MobileNet's core contribution is the depthwise separable convolution, which factorizes a standard convolution into two steps: a depthwise convolution (one filter per input channel) and a pointwise 1x1 convolution (mixing channels). For a K x K convolution with C_in input and C_out output channels, this reduces operations from K^2 * C_in * C_out to K^2 * C_in + C_in * C_out -- roughly a K^2 factor reduction. The width multiplier parameter further scales all channel dimensions to trade accuracy for speed.
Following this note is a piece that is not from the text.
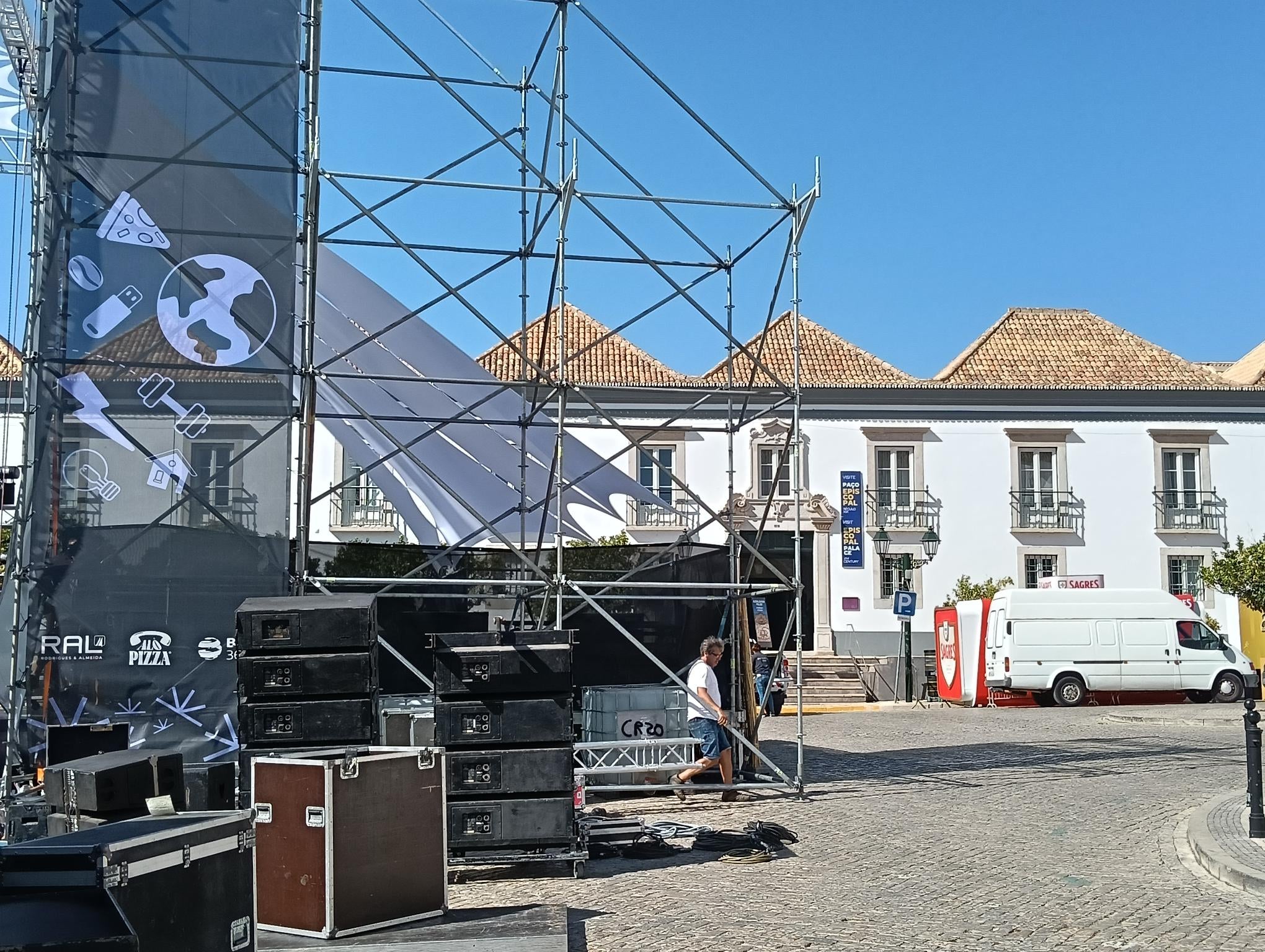 Palco Sé, em Faro, no momento da entrevista ainda a ser montado.

EfficientNet builds on MobileNet's MBConv blocks (inverted residual with squeeze-excitation) and adds compound scaling. Rather than independently scaling depth, width, or resolution, EfficientNet uses fixed scaling coefficients that scale all three together. The base model (B0) is found via neural architecture search, and larger variants (B1-B7) are derived by applying increasing compound scaling factors. In Edifice, the `depth_multiplier` and `width_multiplier` parameters control this scaling.

## Complexity Comparison

| Module | Param Efficiency | Compute Efficiency | Receptive Field | Typical Depth | Hardware Optimization |
|--------|-----------------|-------------------|-----------------|---------------|---------------------|
| Conv | Baseline | Baseline | Linear in depth | 3-10 layers | Excellent (cuDNN) |
| ResNet | Moderate (bottleneck helps) | Moderate | Linear in depth | 18-152 layers | Excellent |
| DenseNet | High (feature reuse) | Moderate (concat cost) | Linear in depth | 121-264 layers | Good |
| TCN | Moderate | Good (parallelizable) | Exponential (dilation) | 4-10 blocks | Good |
| MobileNet | Very high | Very high (depthwise sep.) | Linear in depth | 13-17 layers | Optimized for mobile |
| EfficientNet | Highest (compound scaled) | Highest (NAS-optimized) | Compound-scaled | Scaled by depth_mult | Good (SE overhead) |

## Module Reference

- `Edifice.Convolutional.Conv` -- Generic Conv1D/Conv2D building blocks with configurable kernels, batch normalization, activation, dropout, and optional max/avg pooling.
- `Edifice.Convolutional.ResNet` -- Residual networks with both standard residual blocks (2 convolutions) and bottleneck blocks (1x1, 3x3, 1x1); supports ResNet-18 through ResNet-152.
- `Edifice.Convolutional.DenseNet` -- Dense blocks where each layer receives all prior feature maps via concatenation; transition layers with compression and spatial downsampling.
- `Edifice.Convolutional.TCN` -- Temporal Convolutional Network with dilated causal convolutions, exponentially growing receptive fields, and residual blocks; includes receptive field calculation utilities.
- `Edifice.Convolutional.MobileNet` -- Depthwise separable convolution blocks with width multiplier for scaling; uses ReLU6 activation by default for mobile quantization.
- `Edifice.Convolutional.EfficientNet` -- Compound-scaled architecture with MBConv inverted residual blocks, squeeze-excitation attention, and configurable depth/width multipliers.

## Cross-References

- **vision_architectures.md** -- ConvNeXt modernizes this family's design patterns with transformer-era techniques (LayerNorm, GELU, inverted bottleneck); it lives in the Vision family but is spiritually a successor to ResNet.
- **state_space_models.md** -- H3 and similar state-space models use short depthwise convolutions as a component, connecting to the efficiency techniques pioneered by MobileNet.
- **recurrent_networks.md** -- TCN provides a direct alternative to RNNs for sequence modeling; benchmark comparisons typically show TCNs matching or exceeding LSTMs on many tasks while being fully parallelizable.

## Further Reading

1. He et al., "Deep Residual Learning for Image Recognition" (CVPR 2016) -- introduces skip connections and the residual learning framework.
2. Huang et al., "Densely Connected Convolutional Networks" (CVPR 2017) -- dense connectivity for feature reuse and parameter efficiency.
3. Bai et al., "An Empirical Evaluation of Generic Convolutional and Recurrent Networks for Sequence Modeling" (2018) -- demonstrates TCN competitiveness with RNNs.
4. Howard et al., "MobileNets: Efficient Convolutional Neural Networks for Mobile Vision Applications" (2017) -- depthwise separable convolutions for efficient inference.
5. Tan and Le, "EfficientNet: Rethinking Model Scaling for Convolutional Neural Networks" (ICML 2019) -- compound scaling method for balanced network scaling.